> _Your assignment_
Could you please reproduce every record below exactly, leaving out the pictures?
(Beginning of Supplied material)
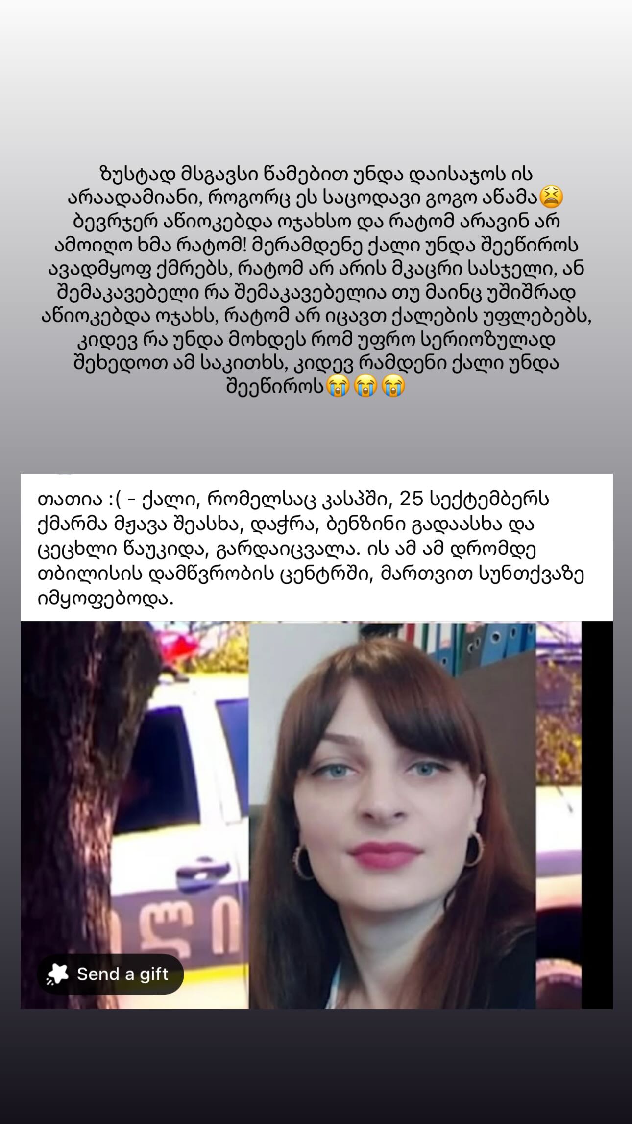 "ზუსტად მსგავსი წამებით უნდა დაისაჯოს ის არაადამიანი, როგორც ეს საცოდავი გოგო დატანჯა. ხშირად აწიოკებდა ოჯახსო და რატომ არავინ არ ამოიღო ხმა, რატომ! მერამდენე ქალი უნდა შეეწიროს ავადმყოფ ქმარს, რატომ არ არის მკაცრი სასჯელი, ან შემაკავებელი. რა შემაკავებელია, თუ მაინც უშიშრად აწიოკებდა ოჯახს, რატომ არ იცავთ ქალების უფლებებს, კიდევ რა უნდა მოხდეს, რომ უფრო სერიოზულად შეხედოთ ამ საკითხს, კიდევ რამდენი ქალი უნდა შეეწიროს" - ასე ეხმიანება თაკო საზინა კასპში მომხდარ სასტიკ მკვლელობას.
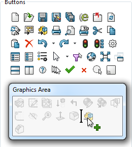 - Para acessar os botões recém-adicionados, clique em um recurso no local - área de gráficos ou árvore de projeto do FeatureManager - onde você iniciou a personalização.
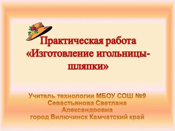 Урок знакомит учащихся с историей игольниц, функциональными особенностями шляп. Ученицы сами определяют тему урока, формулируют цель. На уроке используется пошаговая слайдовая презентация, в которой шаг за шагом дается техника изготовления игольницы-шляпки. При изготовлении игольницы закрепляются ранее изученные ручные швы. Технологическая карта учит самостоятельной работе. В конце урока ученицы оценивают свою работу, проводится выставка изделий.
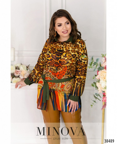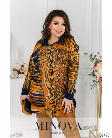 Яскрава та дуже приваблива сорочка-туніка великого розміру з чепурним принтом спереду та однотонною спинкою. Сорочка з відкладним комірцем, застібається на повний ряд гудзиків на планці спереду, з боків - підшитий поясок. На рукавах - невеликі манжети з невеликими гудзиками. Кишень немає. З боків на подолі - невеликі розрізи.
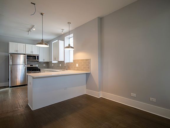 Available 11/1. Come check out this gorgeously renovated 1 bed, 1 bath in the heart of Pilsen! The kitchen features white shaker cabinets, quartz countertops, backsplash, and stainless steel appliances. The bathroom features white subway tile surround and a white shaker vanity with stone countertop. Other features include hardwood flooring throughout, high ceilings, and central heat/ac. Common Laundry in the basement. Located in Pilsen just a short walk from all the shopping, restaurants, and bars on 18th street. Only a few blocks from the 18th street pink line. Steps from Harrison Park where you can enjoy local green space. Several nearby grocery options including Cermak Fresh Market, Aldi, and Costco. $49.50/mo utility fee, which includes Wi-Fi, water, trash and sewage. $40/mo Mandatory Resident Benefit Package includes renters insurance, positive credit reporting for on-time rental payments, identity fraud protection and more. $250 non refundable move-in fee per person. $250 pet fee per pet. One pet max. dog breed restrictions Boxer, Doberman, Pitbull, Rottweiler, Bull Mastiff. Site unseen or video tour applications will not be accepted. Applicants with collections on credit report will not be accepted.
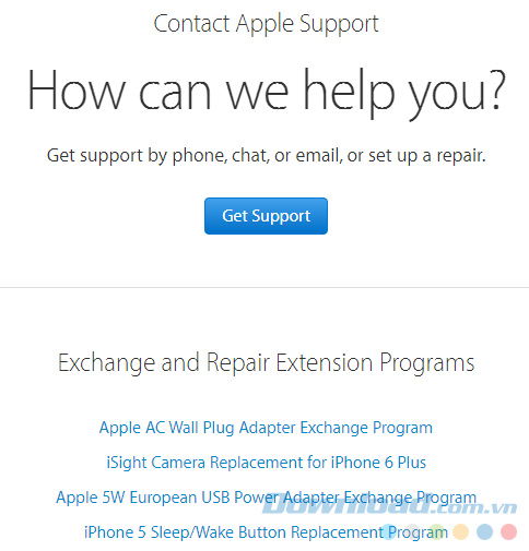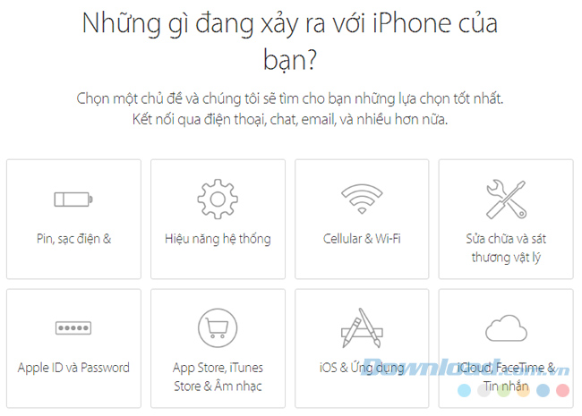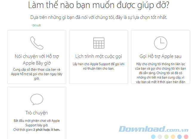 Sau khi thông báo lỗi cho Apple, các bạn sẽ được lựa chọn hình thức mà mình muốn được nhận được sự trợ giúp từ Apple. Hiện giờ, tổng đài tiếng Việt của Apple đang hỗ trợ người dùng Việt Nam dưới bốn hình thức:
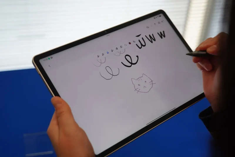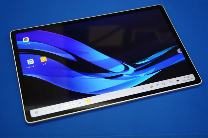 SoCにはMediaTek Dimensity 6400を採用し、メモリは12GB、ストレージは256GB。表示領域はB5ノート相当で、11型クラスよりも作業スペースに余裕がある。画面分割での作業や文書作成にも対応しやすいサイズだ。
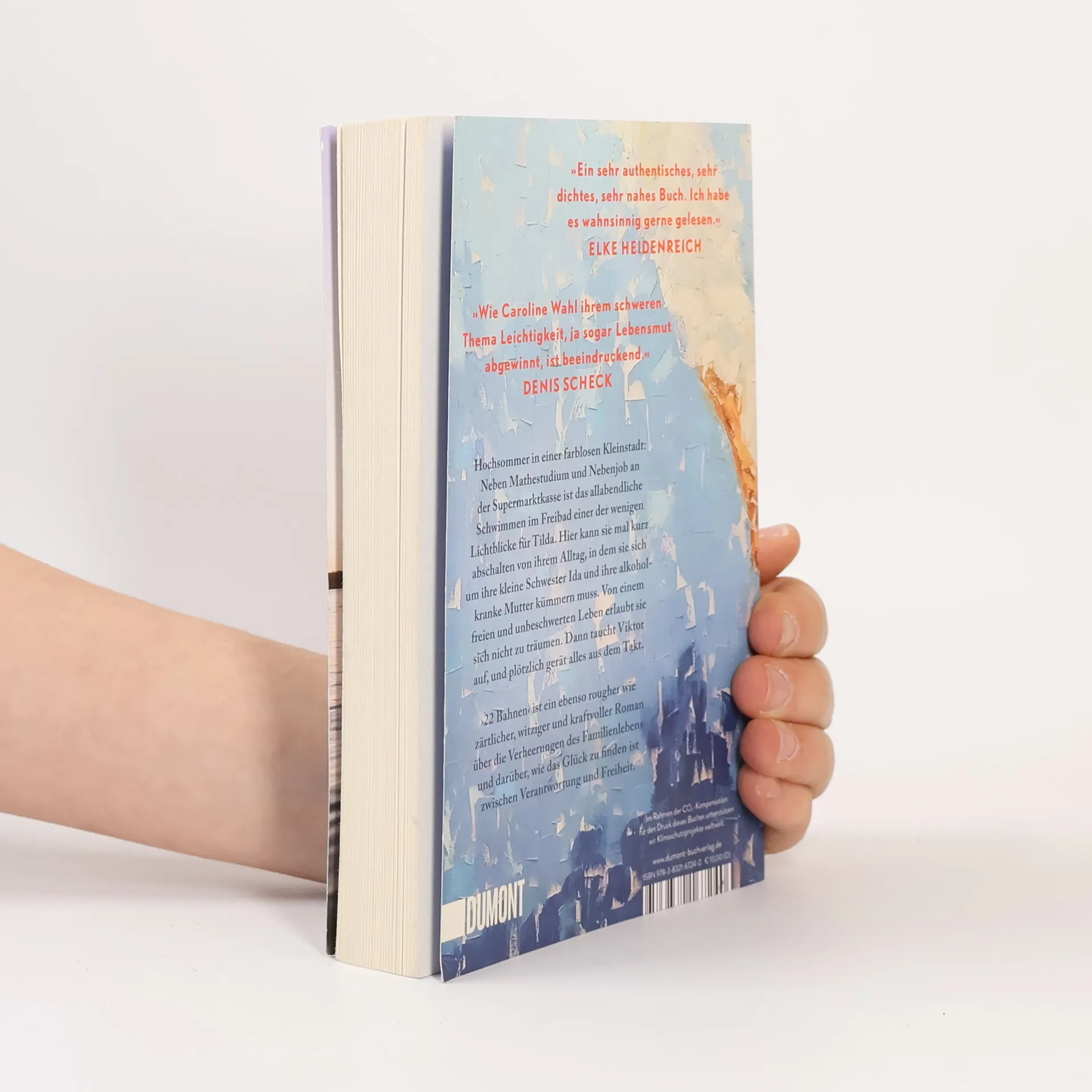 Tildas Tage sind strikt durchgetaktet: studieren, an der Supermarktkasse sitzen, sich um ihre kleine Schwester Ida kümmern und an schlechten Tagen auch um die Mutter. Zu dritt wohnen sie im traurigsten Haus der Fröhlichstraße in einer Kleinstadt, die Tilda hasst. Ihre Freunde sind längst weg, leben in Amsterdam oder Berlin, nur Tilda ist geblieben. Denn irgendjemand muss für Ida da sein, Geld verdienen, die Verantwortung tragen. Nennenswerte Väter gibt es keine, die Mutter ist alkoholabhängig. Eines Tages aber geraten die Dinge in Bewegung: Tilda bekommt eine Promotion in Berlin in Aussicht gestellt, und es blitzt eine Zukunft auf, die Freiheit verspricht. Und Viktor taucht auf, der große Bruder von Ivan, mit dem Tilda früher befreundet war. Viktor, der genau wie sie immer 22 Bahnen schwimmt. Doch als Tilda schon beinahe glaubt, es könnte alles gut werden, gerät die Situation zu Hause vollends außer Kontrolle. ›22 Bahnen‹ ist eine raue und gleichzeitig zärtliche Geschichte über die Verheerungen des Familienlebens und darüber, wie das Glück zu finden ist zwischen Verantwortung und Freiheit. »Caroline Wahl findet das Besondere im Alltäglichen und das Tröstliche im Schmerzvollen. Ein berührendes und feinsinniges Buch, mit dem man gern befreundet wäre.« BENEDICT WELLS »Ich bin durch ›22 Bahnen‹ gerauscht und hellauf begeistert. Herzerwärmend, fein, gnadenlos und richtig schön zugleich.« ALINA BRONSKY
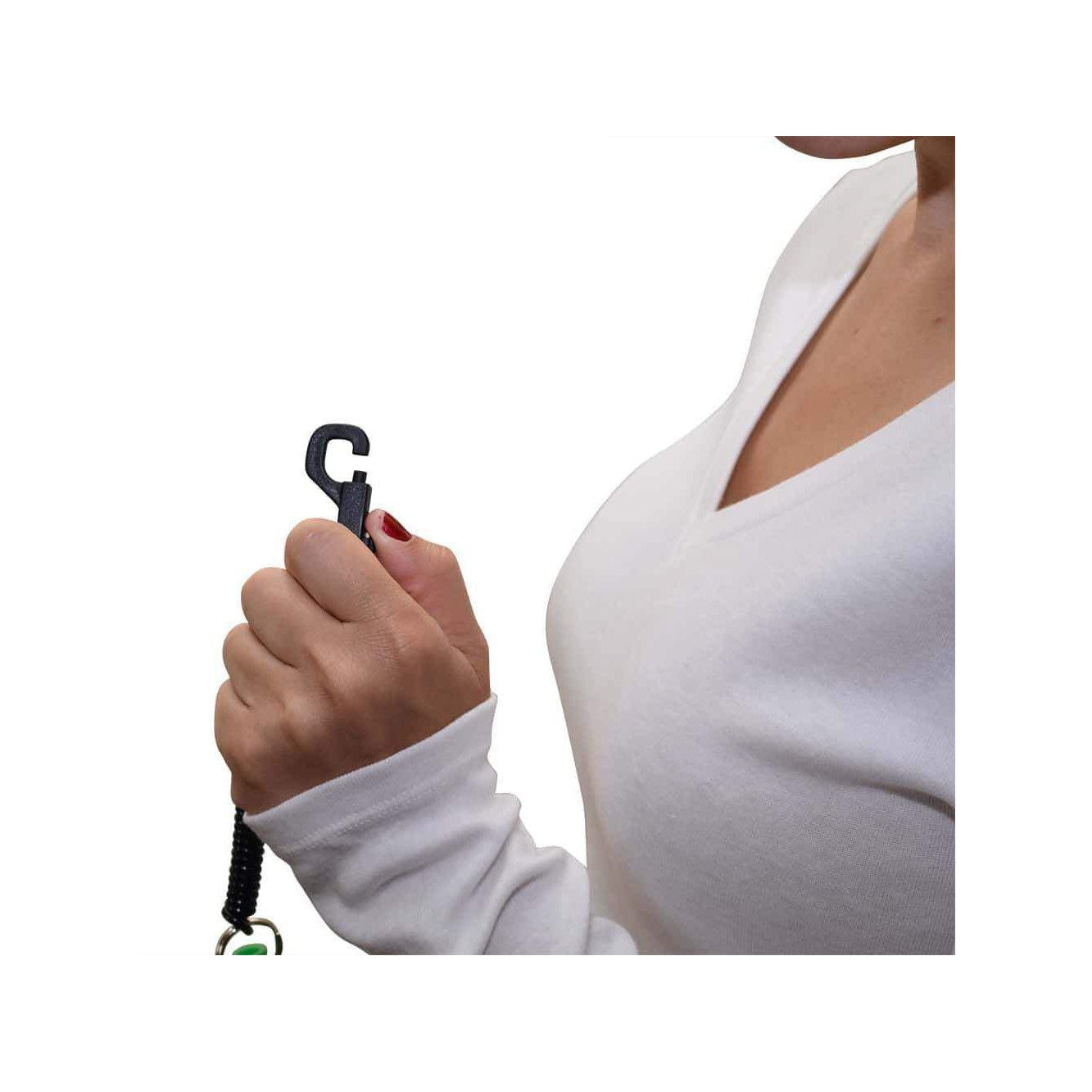 The springz chewy holder and natural strap clips to your child's shirt collar, shoulder or sleeve. The springz lanyard also extends from 4" to 18" so that the chewy holder can be clipped to a belt loop or pants pocket if desired. The springz chewy holder is a discreet way to hold your child's favorite chewy to keep it clean, off the floor and handy when needed.
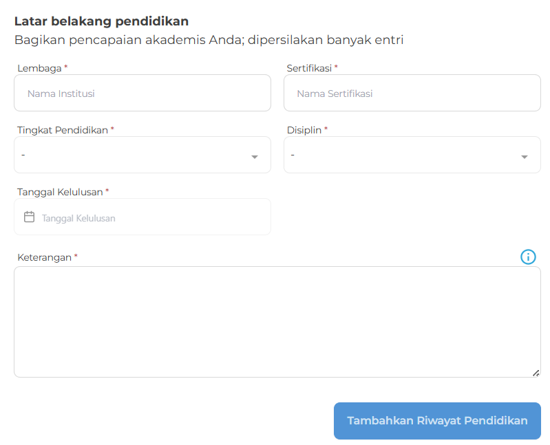 Bagikan pengalaman dan pencapaian akademis Anda. Anda dapat menyertakan lebih dari satu latar belakang pendidikan!
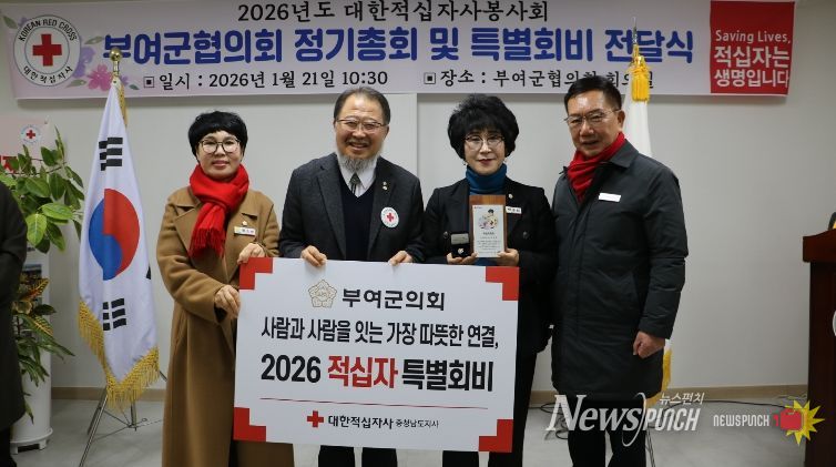 뉴스펀치 이현승 기자 | 부여군의회는 21일 대한적십자사봉사회 부여군협의회 정기총회에서 2026년도 대한적십자사 특별회비 전달식을 가졌다.
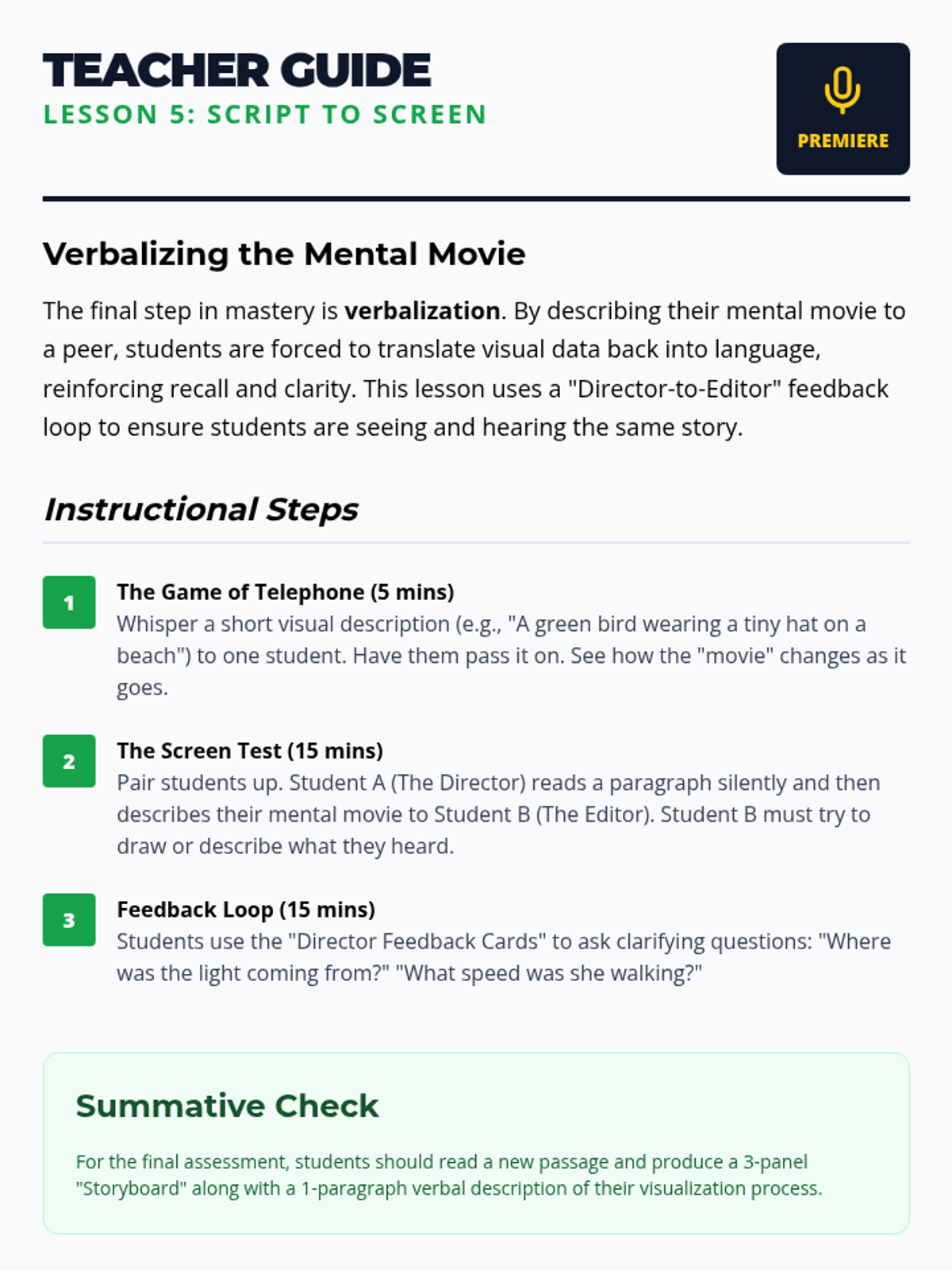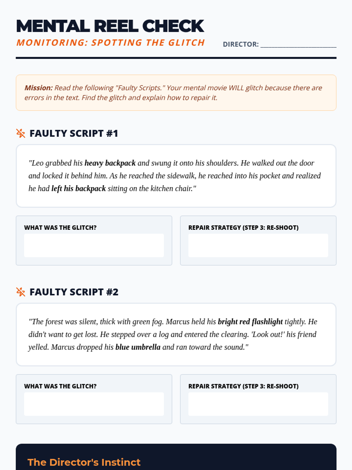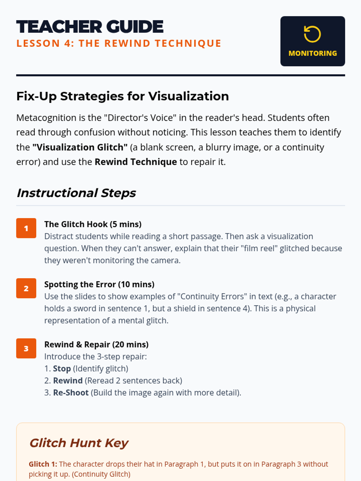 A visualization strategy sequence for 10th-grade students using a 'Director's Chair' metaphor to improve reading comprehension. Students learn to create and maintain a 'mental movie' of text, tracking character movement, pacing, and time jumps while monitoring for comprehension 'glitches'.
(End of Supplied material)
> _Exercise output_
 "ზუსტად მსგავსი წამებით უნდა დაისაჯოს ის არაადამიანი, როგორც ეს საცოდავი გოგო დატანჯა. ხშირად აწიოკებდა ოჯახსო და რატომ არავინ არ ამოიღო ხმა, რატომ! მერამდენე ქალი უნდა შეეწიროს ავადმყოფ ქმარს, რატომ არ არის მკაცრი სასჯელი, ან შემაკავებელი. რა შემაკავებელია, თუ მაინც უშიშრად აწიოკებდა ოჯახს, რატომ არ იცავთ ქალების უფლებებს, კიდევ რა უნდა მოხდეს, რომ უფრო სერიოზულად შეხედოთ ამ საკითხს, კიდევ რამდენი ქალი უნდა შეეწიროს" - ასე ეხმიანება თაკო საზინა კასპში მომხდარ სასტიკ მკვლელობას.
 - Para acessar os botões recém-adicionados, clique em um recurso no local - área de gráficos ou árvore de projeto do FeatureManager - onde você iniciou a personalização.
 Урок знакомит учащихся с историей игольниц, функциональными особенностями шляп. Ученицы сами определяют тему урока, формулируют цель. На уроке используется пошаговая слайдовая презентация, в которой шаг за шагом дается техника изготовления игольницы-шляпки. При изготовлении игольницы закрепляются ранее изученные ручные швы. Технологическая карта учит самостоятельной работе. В конце урока ученицы оценивают свою работу, проводится выставка изделий.
 Яскрава та дуже приваблива сорочка-туніка великого розміру з чепурним принтом спереду та однотонною спинкою. Сорочка з відкладним комірцем, застібається на повний ряд гудзиків на планці спереду, з боків - підшитий поясок. На рукавах - невеликі манжети з невеликими гудзиками. Кишень немає. З боків на подолі - невеликі розрізи.
 Available 11/1. Come check out this gorgeously renovated 1 bed, 1 bath in the heart of Pilsen! The kitchen features white shaker cabinets, quartz countertops, backsplash, and stainless steel appliances. The bathroom features white subway tile surround and a white shaker vanity with stone countertop. Other features include hardwood flooring throughout, high ceilings, and central heat/ac. Common Laundry in the basement. Located in Pilsen just a short walk from all the shopping, restaurants, and bars on 18th street. Only a few blocks from the 18th street pink line. Steps from Harrison Park where you can enjoy local green space. Several nearby grocery options including Cermak Fresh Market, Aldi, and Costco. $49.50/mo utility fee, which includes Wi-Fi, water, trash and sewage. $40/mo Mandatory Resident Benefit Package includes renters insurance, positive credit reporting for on-time rental payments, identity fraud protection and more. $250 non refundable move-in fee per person. $250 pet fee per pet. One pet max. dog breed restrictions Boxer, Doberman, Pitbull, Rottweiler, Bull Mastiff. Site unseen or video tour applications will not be accepted. Applicants with collections on credit report will not be accepted.
 Sau khi thông báo lỗi cho Apple, các bạn sẽ được lựa chọn hình thức mà mình muốn được nhận được sự trợ giúp từ Apple. Hiện giờ, tổng đài tiếng Việt của Apple đang hỗ trợ người dùng Việt Nam dưới bốn hình thức:
 SoCにはMediaTek Dimensity 6400を採用し、メモリは12GB、ストレージは256GB。表示領域はB5ノート相当で、11型クラスよりも作業スペースに余裕がある。画面分割での作業や文書作成にも対応しやすいサイズだ。
 Tildas Tage sind strikt durchgetaktet: studieren, an der Supermarktkasse sitzen, sich um ihre kleine Schwester Ida kümmern und an schlechten Tagen auch um die Mutter. Zu dritt wohnen sie im traurigsten Haus der Fröhlichstraße in einer Kleinstadt, die Tilda hasst. Ihre Freunde sind längst weg, leben in Amsterdam oder Berlin, nur Tilda ist geblieben. Denn irgendjemand muss für Ida da sein, Geld verdienen, die Verantwortung tragen. Nennenswerte Väter gibt es keine, die Mutter ist alkoholabhängig. Eines Tages aber geraten die Dinge in Bewegung: Tilda bekommt eine Promotion in Berlin in Aussicht gestellt, und es blitzt eine Zukunft auf, die Freiheit verspricht. Und Viktor taucht auf, der große Bruder von Ivan, mit dem Tilda früher befreundet war. Viktor, der genau wie sie immer 22 Bahnen schwimmt. Doch als Tilda schon beinahe glaubt, es könnte alles gut werden, gerät die Situation zu Hause vollends außer Kontrolle. ›22 Bahnen‹ ist eine raue und gleichzeitig zärtliche Geschichte über die Verheerungen des Familienlebens und darüber, wie das Glück zu finden ist zwischen Verantwortung und Freiheit. »Caroline Wahl findet das Besondere im Alltäglichen und das Tröstliche im Schmerzvollen. Ein berührendes und feinsinniges Buch, mit dem man gern befreundet wäre.« BENEDICT WELLS »Ich bin durch ›22 Bahnen‹ gerauscht und hellauf begeistert. Herzerwärmend, fein, gnadenlos und richtig schön zugleich.« ALINA BRONSKY
 The springz chewy holder and natural strap clips to your child's shirt collar, shoulder or sleeve. The springz lanyard also extends from 4" to 18" so that the chewy holder can be clipped to a belt loop or pants pocket if desired. The springz chewy holder is a discreet way to hold your child's favorite chewy to keep it clean, off the floor and handy when needed.
 Bagikan pengalaman dan pencapaian akademis Anda. Anda dapat menyertakan lebih dari satu latar belakang pendidikan!
 뉴스펀치 이현승 기자 | 부여군의회는 21일 대한적십자사봉사회 부여군협의회 정기총회에서 2026년도 대한적십자사 특별회비 전달식을 가졌다.
 A visualization strategy sequence for 10th-grade students using a 'Director's Chair' metaphor to improve reading comprehension. Students learn to create and maintain a 'mental movie' of text, tracking character movement, pacing, and time jumps while monitoring for comprehension 'glitches'.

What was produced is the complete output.